For clustering details, see the Apache Paimon official documentation.

sink.delete-strategy​

Set the validation policy to ensure the system correctly handles retraction (-D/-U) messages.

​​

Enum

No

NONE

Validation policy values and how the Sink operator should handle retraction messages:​

  • ​NONE (default): No validation is performed. ​

  • IGNORE_DELETE: The Sink operator should ignore -U and -D messages, preventing retraction.

  • NON_PK_FIELD_TO_NULL: The Sink operator should ignore -U messages. When receiving -D messages, it should retain primary key values and retract other non-primary key values in the schema.

    Use this primarily for partial update scenarios where multiple Sinks write to the same table. ​

  • DELETE_ROW_ON_PK: The Sink operator should ignore -U messages. When receiving -D messages, it should delete the row corresponding to the primary key. ​

  • CHANGELOG_STANDARD: The Sink operator should delete the row corresponding to the primary key when receiving both -U and -D messages. ​

Note
  • Only Realtime Compute for Apache Flink VVR 8.0.8 and later versions support this parameter.

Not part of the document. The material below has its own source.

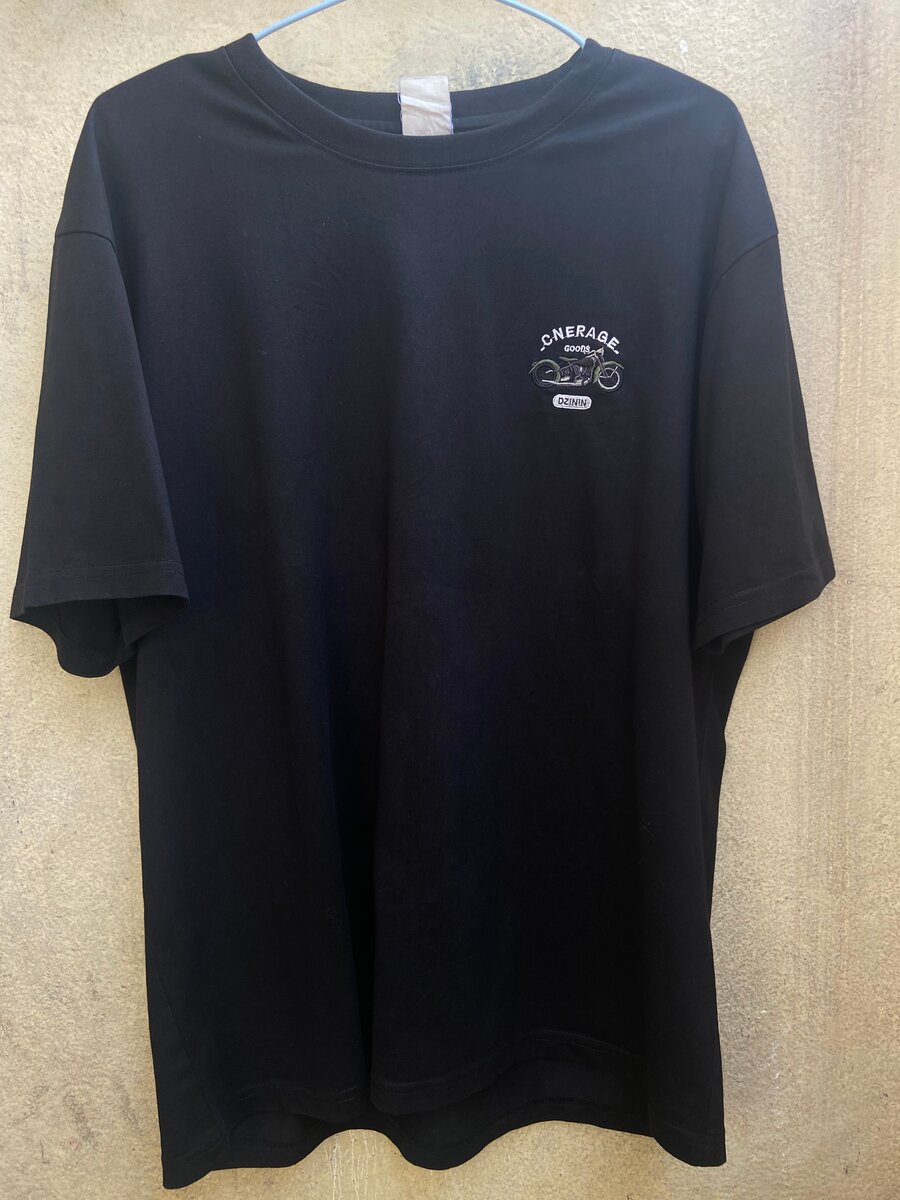 T-shirt noir avec motif vintage de motard. Parfait pour les amateurs de motos et le style décontracté. Coton doux et confortable, idéal pour un usage quotidien ou lors de sorties moto. Broderie discrète à l'avant, design audacieux à l'arrière.

  • The Paimon Sink's behavior for handling retraction messages is determined by other configuration items such as ignore-delete and merge-engine. This configuration item does not directly affect this behavior. Instead, it validates whether this behavior aligns with the expected policy. If the behavior does not meet the expected policy, the validation steps terminate, and the job error prompts you on how to modify other configuration items like ignore-delete and merge-engine to meet expectations.

Note

For more information about configuration items, see the Apache Paimon official documentation.

Feature details

Data freshness and consistency assurance

A Paimon sink table uses the two-phase commit (2PC) protocol. It commits written data during the checkpoint of each Flink job. Therefore, the data freshness is equivalent to the checkpoint interval of the Flink job. Each commit generates a maximum of two snapshots.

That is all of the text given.